The premise was simple: local community, sporting, and performing arts groups had three minutes onstage to persuade sponsors to dole out cash for a good cause.
The bank co-opted 21 businesses as sponsors. 19 groups came to pitch, and with nearly $22,000
in the kitty, pitchers walked away with upwards of $500. More than likely, double that – a helluva lot of sausages to sizzle on a cold Saturday arvo.
Walking into the Yarraville Club’s function room at 7pm, you might’ve wondered if this was a buy swap and sell or the Logies. Around the auditorium-sized room, community groups had set up tables and banners. Sponsors could do the circuit, mingle, ask questions. But we’d come to hear pitches, and in turn, the brave took to the podium for their carpe diem three minutes.

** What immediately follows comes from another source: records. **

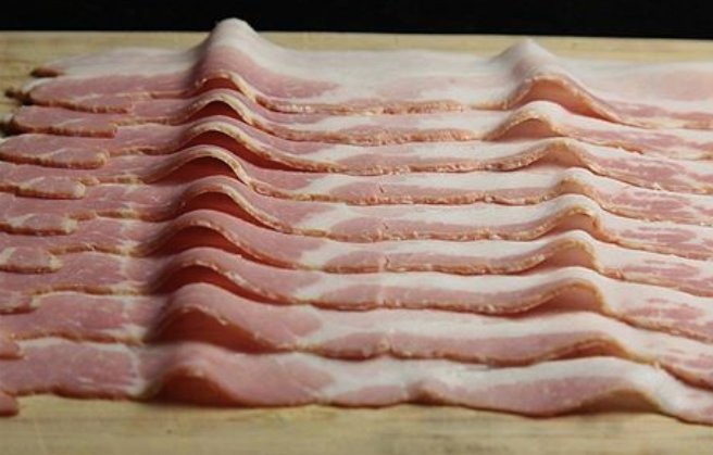 • Arrange half of the slices on the prepared bacon, pour in all of the cream mixture and finally cover with the remaining chicken meat.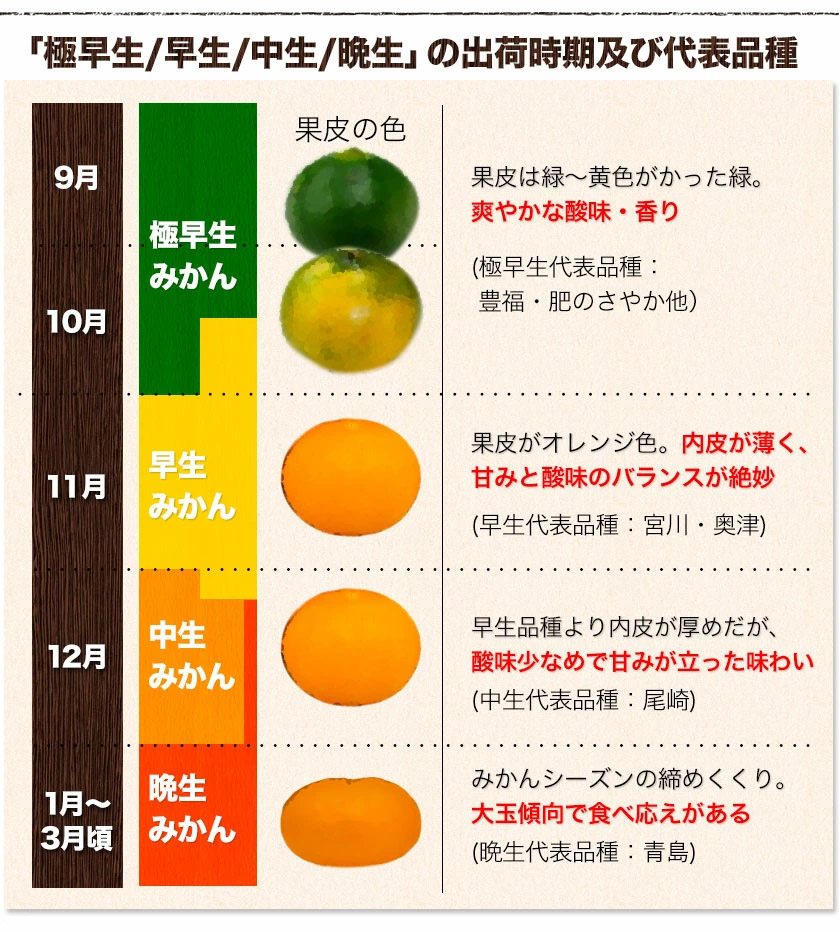 大中小それぞれ味が微妙に違っていて、全体的にあっさりした味に感じました。薄皮は特別薄くもなく普通、白いフワフワした部分も結構あるみかんでした。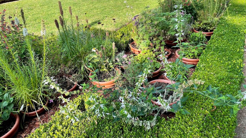ここでは、ルイ15世の時代(18世紀)にグラントリアノンの花の植栽で行われていたように、植木鉢仕立ての植物を配置してのアレンジが見られるのが興味深い。植木鉢の間はマルチングが埋めています。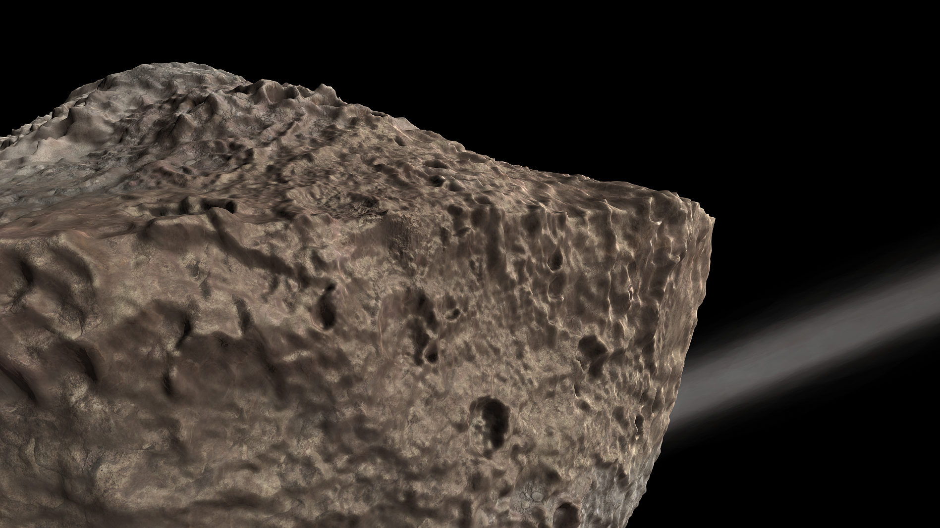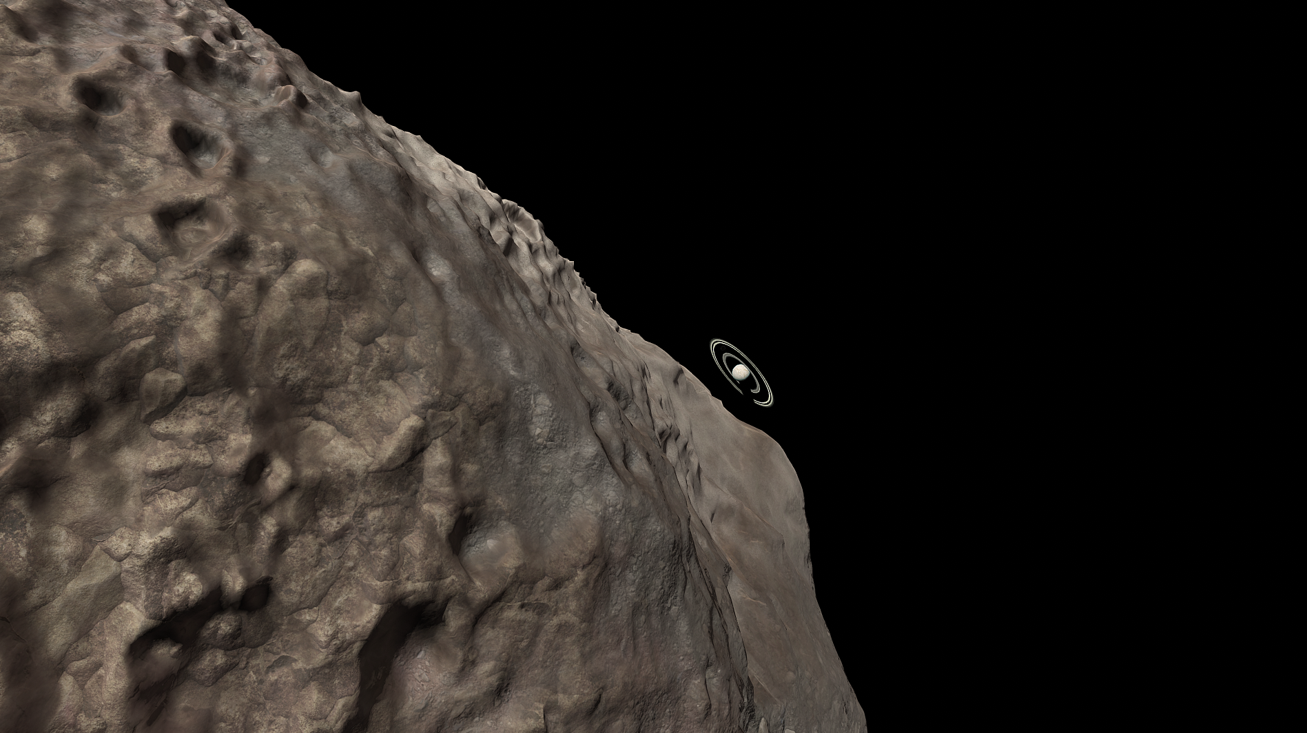 This little nugget was flung into a far elliptical orbit, likely after the recent collision that formed Donk. It spins very fast which has flattened it into a disk shape. Landing around the equator is extremely difficult thanks to this spin.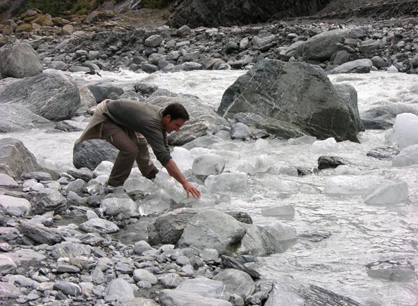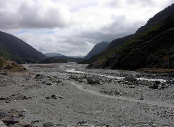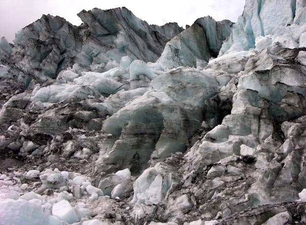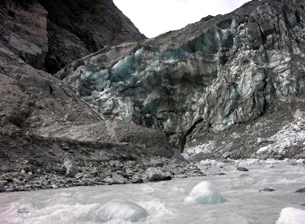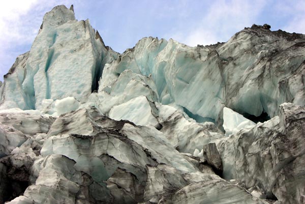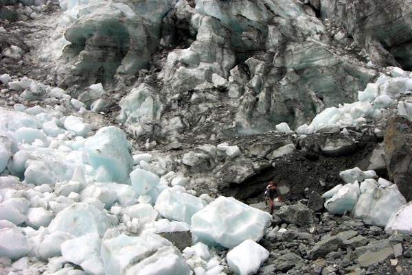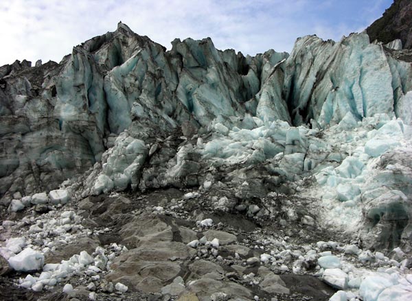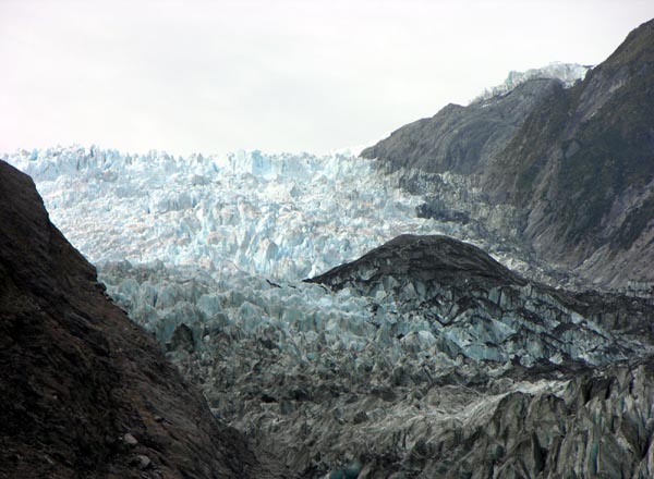| Le glacier Franz Josef, seul endroit au monde à cette latitude où un glacier descend si près de la mer |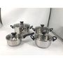 En savoir +Batterie de cuisine en acier inoxydable 8 pièces, tous feux dont induction. Comprend 1 casserole 16 cm et 3 faitouts (18, 20, 24 cm) avec couvercles en verre. Poignées fixes en bakélite, revêtement intérieur inox.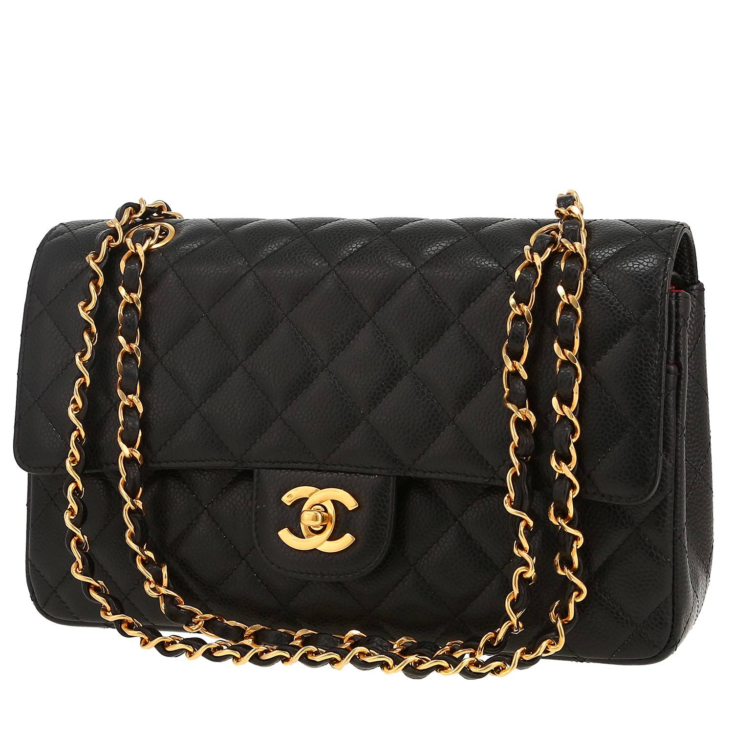 Magnífico bolso de mano Chanel Timeless Classic de cuero granulado acolchado negro, adorno en metal dorado, una asa en cadena ajustable de metal dorado entrelazada de cuero negro para llevar en la mano o al hombro.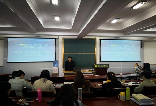 2019年11月19日,MPAcc校外实践导师、广西桂林恒信会计师事务所所长符文凤高级会计师在商学院7411教室举办了《展望MPACC前景,如何做一名复合型的高端会计人才》的专题讲座。商学院MPACC中心主任李延莉老师主持此次讲座、全体2019级MPAcc同学聆听了此次讲座。

A 200-strong audience heard a song in aid of a female-friendly footy club room; watched a black and white Movietone-style video for an oven to bake scones; listened as the final minutes of a basketball game were re-enacted for two Wi-Fi enabled tablets. And in an unscripted moment, the MC was bumped, roller-derby style, in the service of team uniforms.
For the work they do, the needs of community groups are relatively modest. A mobile coffee cart, a mahjong set, swimming pool hire, warehouse and hall rent, broadband fees. $380 will get an anatomical model of a heart to run a health program.
A pitch night is a showcase of volunteer outreach, which goes far beyond addressing disadvantage. These groups record history, tell our stories. They encourage us to play sport, sometimes delivering Olympic medalists. They entertain us, show us who we are. They run weekend festivals. They welcome newcomers. They give individuals an opportunity to shine.
Kevin Harrington was MC and host for the night. He’s a familiar face in Australian-made films and television. “That was once me,” he said, after a theatre group of spirited adolescents left the stage after pitching.
Community Pitch 2017: they performed, sang a song, brought a baby along… all the way to the bank.
Community Pitch is the brainchild of a handful of bank directors. “Thought it up over a few bottles of red wine,” says Andy Moutray-Read, CEO of the local company that owns the Bendigo Bank franchise. The Seddon Community Bank team were easy enough to pick out. For a start, they wore red Bendigo Bank polos. As well, they were beaming. “This makes it all worthwhile,” one says.
And no wonder they’re smiling. Eight years ago, residents decided they wanted a local bank, so they bought one. Together mums and dads, tradies and small business owners formed Inner West Community Enterprises and bought a Bendigo Bank franchise.
Each year, the bank invests $100,000 into the community – a savings program for schools, funds for community groups and sporting clubs. The Pitch Night is merely another way to churn money into the inner west. In total, over the course, they’ve managed to return half a million dollars to the community. On top of that, shareholders, perhaps your neighbour, received a 7 per cent dividend on their investment last year. And tonight they get to play the good guys, and girls.
Pitching over, the room is a bubbling broth of happy faces. “Look,” says a bank director. For a few moments, we gaze at people chatting, shaking hands, discovering ways to help one another till she adds: “Even without the money, they’re more sustainable than they were three hours ago.”